**GIVEN INFORMATION**.
=== Section Start ===

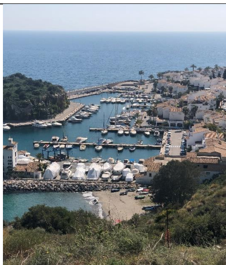
Marina Del Este Yacht Harbour

Location: https://goo.gl/maps/xdzshoKjjmrZDYTE8
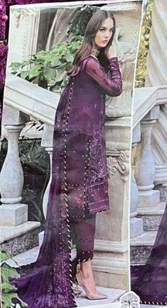
GULAAL VOL-1 TOP Faux Georgette with Embroidery ZAN BOTTOM
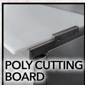
POLY CUTTING BOARD
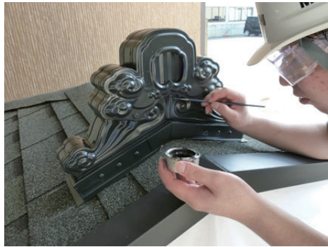
13. Paint any scratches from setting B-compact with the touch-up paint.
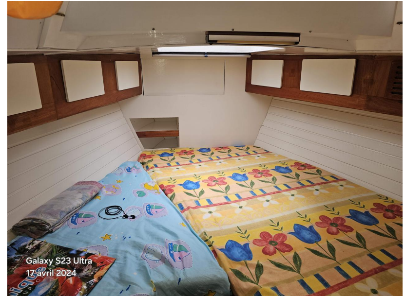
Galaxy S23 Ultra 17 avril 2024
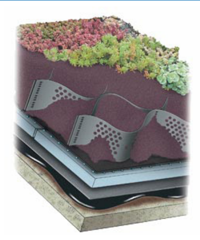
1. Product Name GardNet® Soil Confinement Assembly
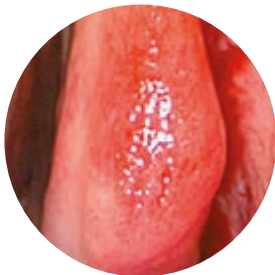
Large Format Telescope
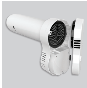
Maintenance and cleaning: Easy access.
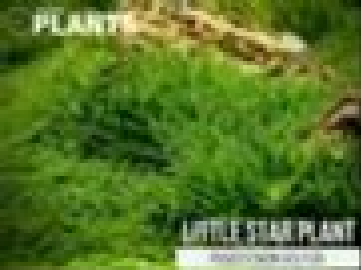
LITTLE STAR PLANT
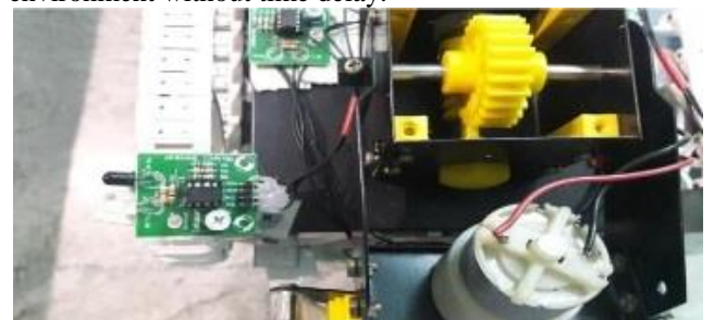
Fig.3 Snapshot of the System

To illustrate the behavior of the MBGV system and in order to confirm the findings of the previous section, the bilateral controller was designed. The set of hardware designed of Figure 3 shows the gripper in contact with the environment without time delay.
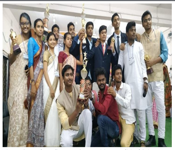
Figure 9 Youth Parliament Competition_ Political Science
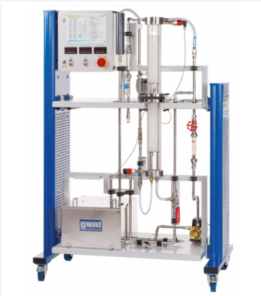
The illustration shows a similar unit.
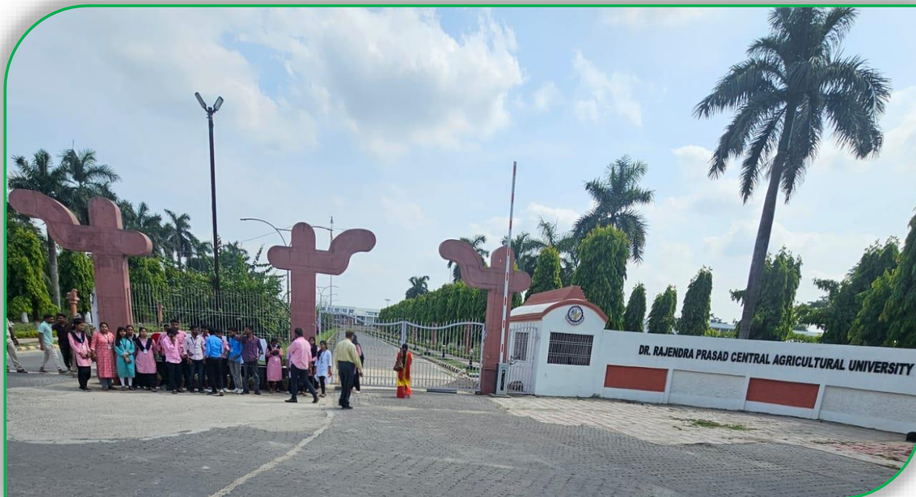
Main Entrance gate of Dr. Rajendra Prasad Central Agricultural University, Pusa on dated 17.04.2023

Guide of these guided and told about the special Character of the rare species of plants. Inside these lots of beautiful flowers was also found. Specially, Rose garden was so much exciting so many colors of beautiful roses are available there. They feel very happy to saw this.
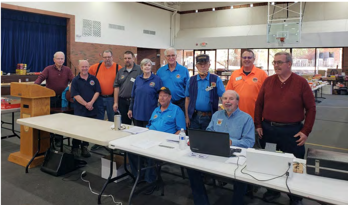
The hard-working Auction Crew of Souper Bowl VIII

As I mentioned earlier, I’ve been fighting some minor health issues, mainly with my eyes and sitting in front of the computer is a bit difficult at present. This will be an abbreviated issue and I hope to be back at 100% next month.
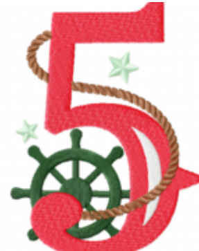
File: 5 Stitched 4_5 Inch.jef Stitches: 11118 Size: 85.0x114.4 mm
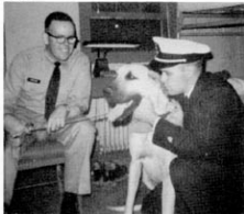
Hey mutt! What's it really like on the outside?
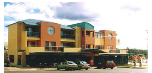
Mixed Use-Retail + Live Work -
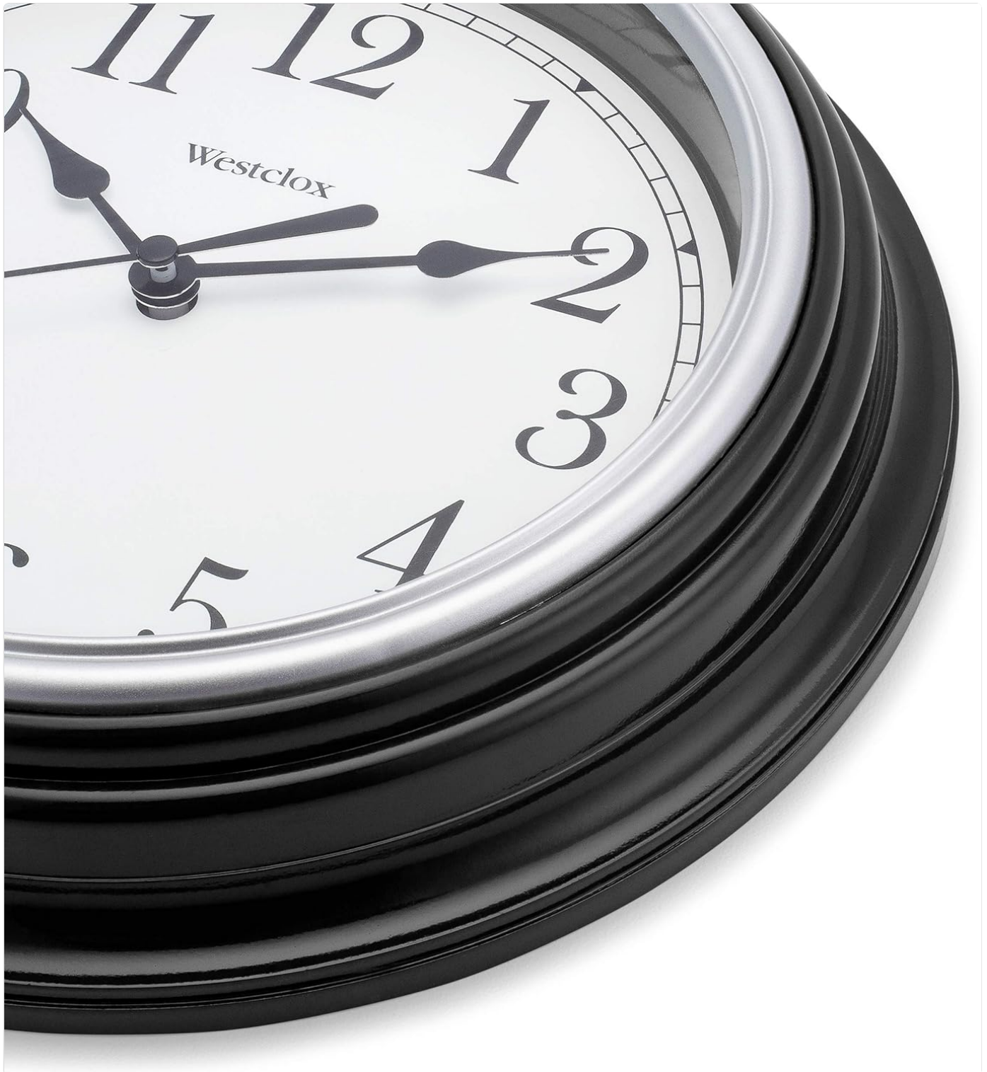
Image 5.1: Close-up of the clock's frame. This image provides a detailed view of the black metal frame, which can be gently wiped clean with a soft cloth.
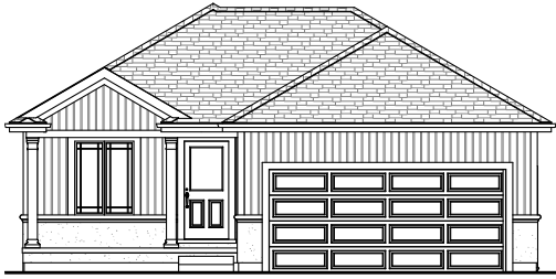
ELEVATION OPTION A
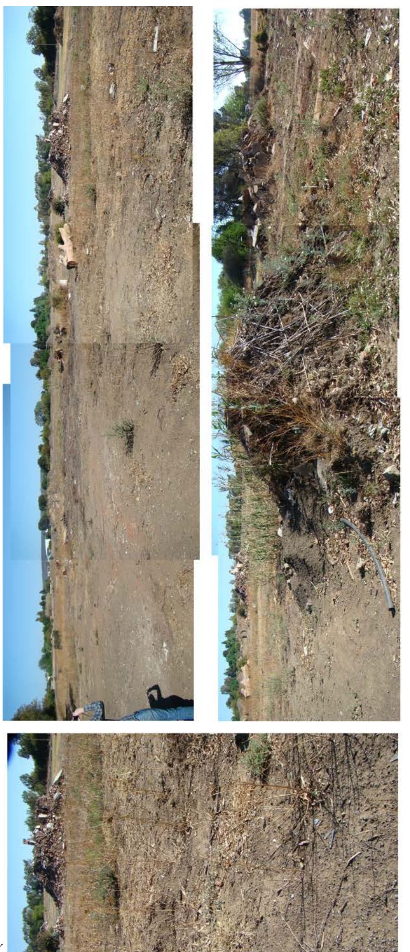
Figure 3. The condition of the terrain is largely disturbed.
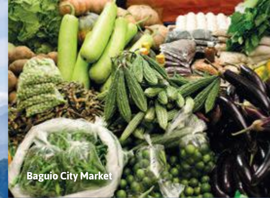
Baguio City Market

Other mountain produce and dishes not to be missed include Benguet coffee, gipah herbal tea, miki abra (a breakfast noodle soup), abra masa podrida (shortbread cookies), golaria (doughnuts), inladit (sweet crackers), pinalatan (chicken with pomelo leaves and chili), pinaltit (a ground-pork appetiser), abraw (vegetables stewed in fish paste), kiniling/etag (smoked meat) and pinunnog (smoked sausage).
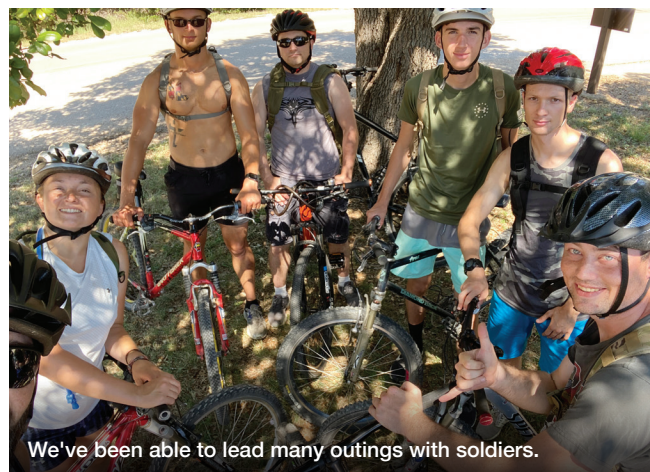
We've been able to lead many outings with soldiers.
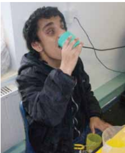
drinking a milkshake

information gained through smell can be overridden by information from other senses
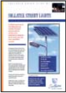
Solar street lights leaflet
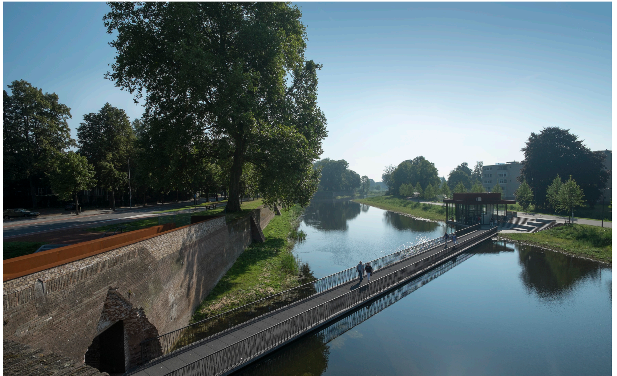
When exiting the underground parking garage, one enters the city center on a footbridge over the water through the historical city wall

In the rampart zone of the historical innercity of 's-Hertogenbosch, where at that time was a large parking place, the Municipality of 's-Hertogenbosch had the ambition to bring back the former citycanal and to introduce an underground parking facility for some 1000 cars. The fortifications have been designated as being a municipal archaeological monument and in view of this, the Municipality of 's-Hertogenbosch wanted to preserve the visible portions of the wall and bulwarks, but also the areas within the field of fire which have traditionally been kept open. MTD landscape architects / urban planners was commissioned to draw up an image quality plan and design for the open space of the Zuiderpark, the rampart zone and the Casinotuin. To this end the choice was made for a comprehensive approach in the architecture, the public space and the works of art in the public space.
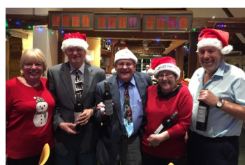
Scramble Team Competition Winners
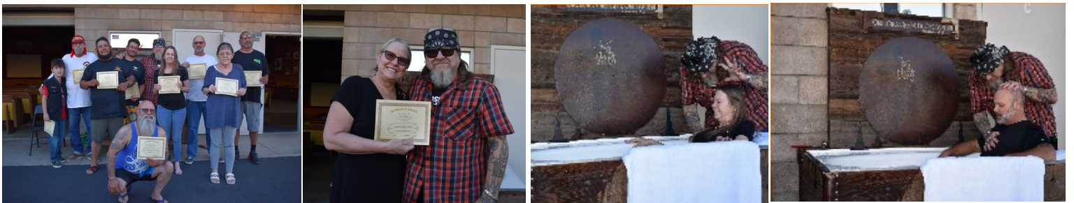
Roadhouse Biker Church in San Bernardino celebrated 10 baptisms!
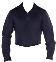
MEN'S DEFENDER SHIRT
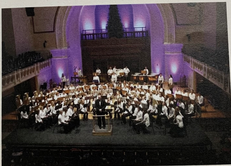
Cadogan Hall Concert
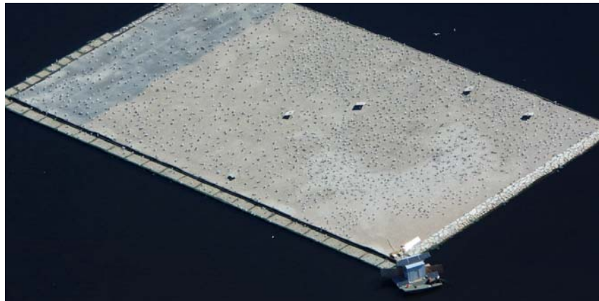
Overhead view of floating island - Sheepy Lake, California
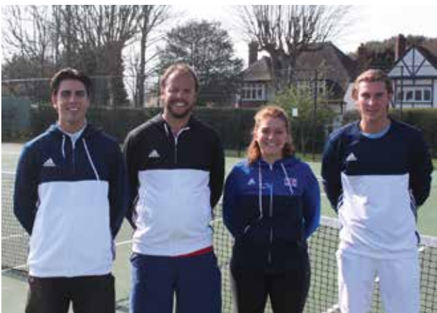
GIDEA PARK LTC COACHING TEAM
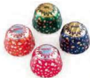
Chocolate with a liquor filling
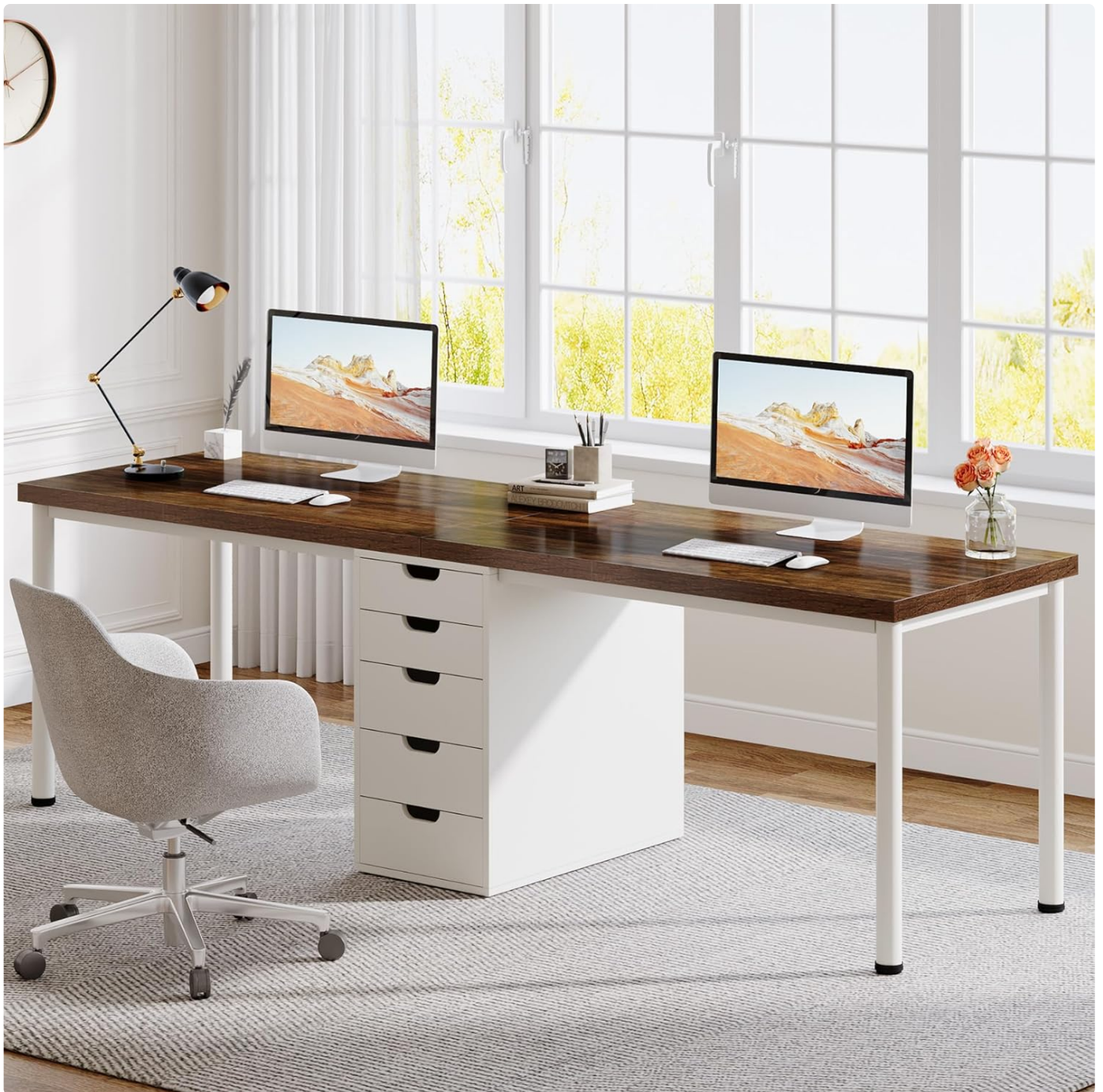
Figure 1: Tribesigns Two Person Computer Desk (Brown/White) in a typical setup.

=== Section End ===

**PROBLEM TO SOLVE**. Look back at the data above, then output exactly the lines from the line holding "To illustrate the" up to and including the line holding "Solar street lights leaflet". Leave out the pictures.

**TASK ANSWER**.
To illustrate the behavior of the MBGV system and in order to confirm the findings of the previous section, the bilateral controller was designed. The set of hardware designed of Figure 3 shows the gripper in contact with the environment without time delay.
Figure 9 Youth Parliament Competition_ Political Science
The illustration shows a similar unit.
Main Entrance gate of Dr. Rajendra Prasad Central Agricultural University, Pusa on dated 17.04.2023

Guide of these guided and told about the special Character of the rare species of plants. Inside these lots of beautiful flowers was also found. Specially, Rose garden was so much exciting so many colors of beautiful roses are available there. They feel very happy to saw this.
The hard-working Auction Crew of Souper Bowl VIII

As I mentioned earlier, I’ve been fighting some minor health issues, mainly with my eyes and sitting in front of the computer is a bit difficult at present. This will be an abbreviated issue and I hope to be back at 100% next month.
File: 5 Stitched 4_5 Inch.jef Stitches: 11118 Size: 85.0x114.4 mm
Hey mutt! What's it really like on the outside?
Mixed Use-Retail + Live Work -
Image 5.1: Close-up of the clock's frame. This image provides a detailed view of the black metal frame, which can be gently wiped clean with a soft cloth.
ELEVATION OPTION A
Figure 3. The condition of the terrain is largely disturbed.
Baguio City Market

Other mountain produce and dishes not to be missed include Benguet coffee, gipah herbal tea, miki abra (a breakfast noodle soup), abra masa podrida (shortbread cookies), golaria (doughnuts), inladit (sweet crackers), pinalatan (chicken with pomelo leaves and chili), pinaltit (a ground-pork appetiser), abraw (vegetables stewed in fish paste), kiniling/etag (smoked meat) and pinunnog (smoked sausage).
We've been able to lead many outings with soldiers.
drinking a milkshake

information gained through smell can be overridden by information from other senses
Solar street lights leaflet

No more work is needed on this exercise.